Top of DATASET SECTION
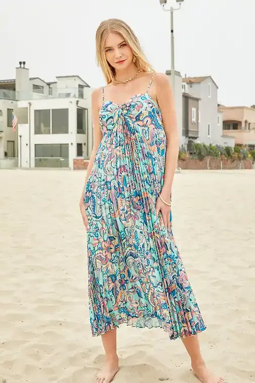 Bustier Pleated Midi Dress • Lush Paisley
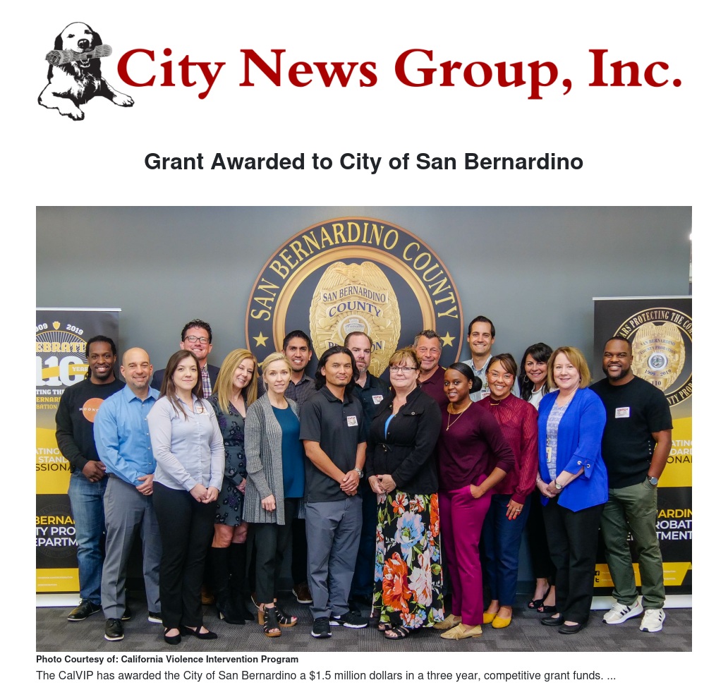 The California Board of State & Community Corrections, California Violence Intervention and Prevention Grant Program (BSCC, CalVIP) awarded the City of San Bernardino $1.5 million dollars in a three year, competitive grant funds.
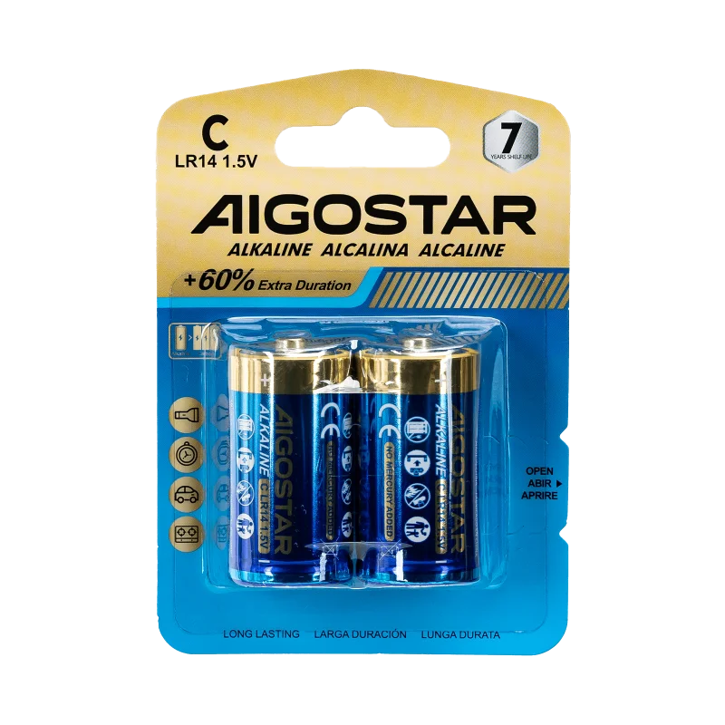 Batterie Aigostar C Mezzatorcia 1.5V Confezione da 2 Pile Alcaline Soddisfatti O Rimborsati
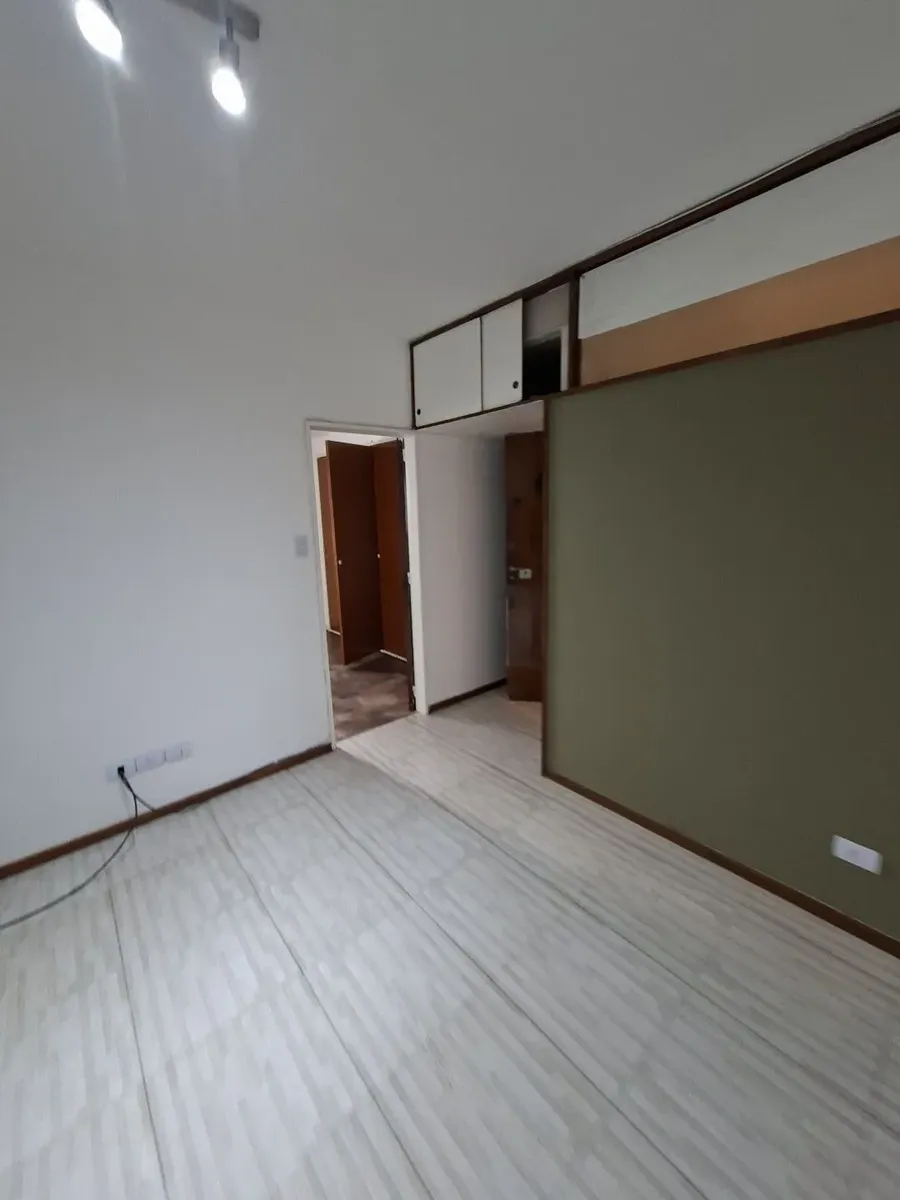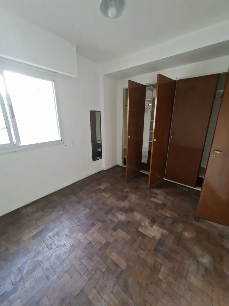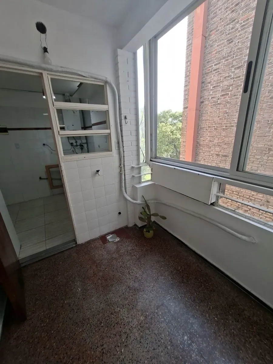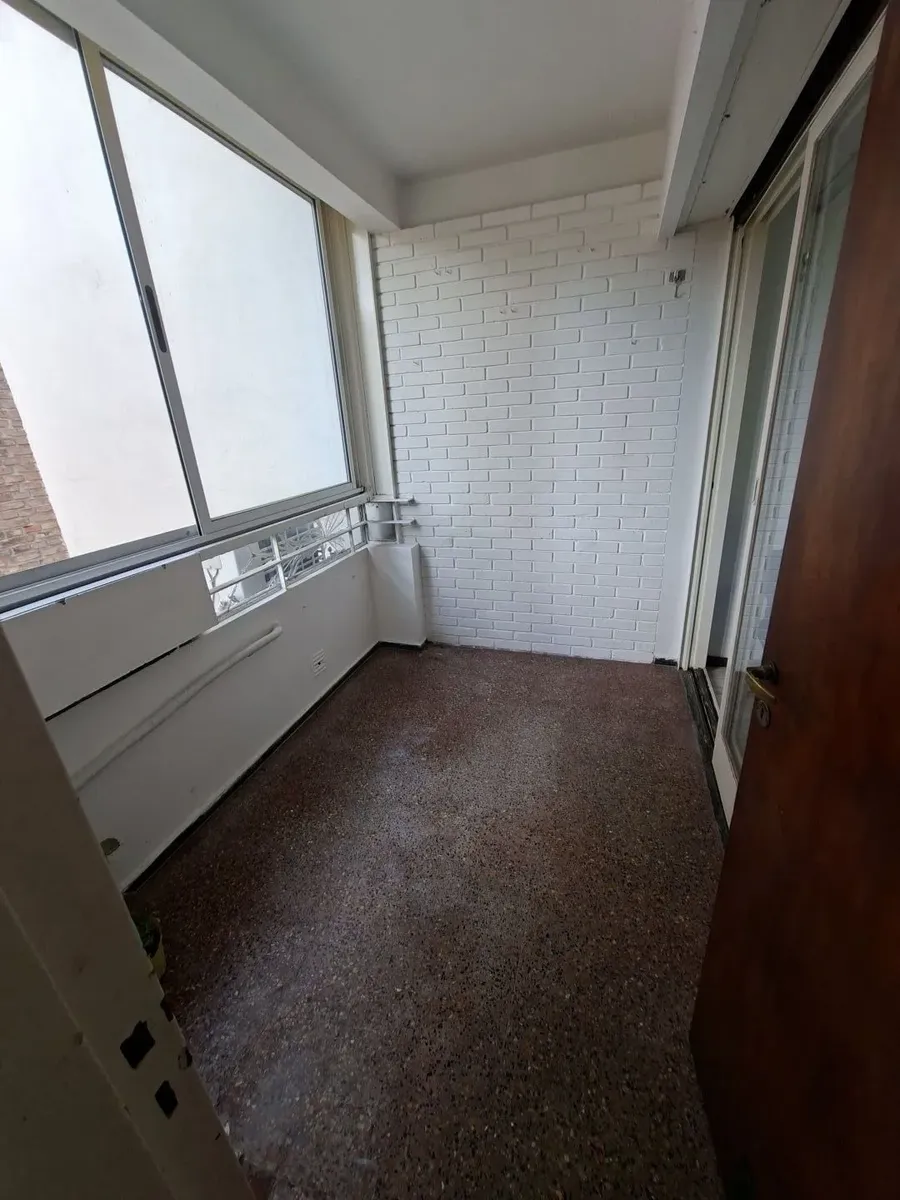 Квартира в Villa Devoto, 2 комнаты (1 спальня) без лифта, вход по лестнице. Площадь в описании не указана. Из прихожей вход в гостиную-столовую с керамическими полами, встроенным шкафом и выходом на балкон с остеклением; вид сбоку. Кухня полностью оборудована, частично объединена с гостиной и имеет отдельный выход на балкон. Ванная комната с ванной, душевой перегородкой и тумбой; спальня с паркетным полом, видом сбоку и большим встроенным шкафом. Квартира недавно окрашена, указано «в хорошем сос
Bottom of DATASET SECTION
= REQUIRED WORK =
From the first line to the last, set down the data exactly, without the pictures.

= EXERCISE ANSWER =
 Bustier Pleated Midi Dress • Lush Paisley
 The California Board of State & Community Corrections, California Violence Intervention and Prevention Grant Program (BSCC, CalVIP) awarded the City of San Bernardino $1.5 million dollars in a three year, competitive grant funds.
 Batterie Aigostar C Mezzatorcia 1.5V Confezione da 2 Pile Alcaline Soddisfatti O Rimborsati
 Квартира в Villa Devoto, 2 комнаты (1 спальня) без лифта, вход по лестнице. Площадь в описании не указана. Из прихожей вход в гостиную-столовую с керамическими полами, встроенным шкафом и выходом на балкон с остеклением; вид сбоку. Кухня полностью оборудована, частично объединена с гостиной и имеет отдельный выход на балкон. Ванная комната с ванной, душевой перегородкой и тумбой; спальня с паркетным полом, видом сбоку и большим встроенным шкафом. Квартира недавно окрашена, указано «в хорошем сос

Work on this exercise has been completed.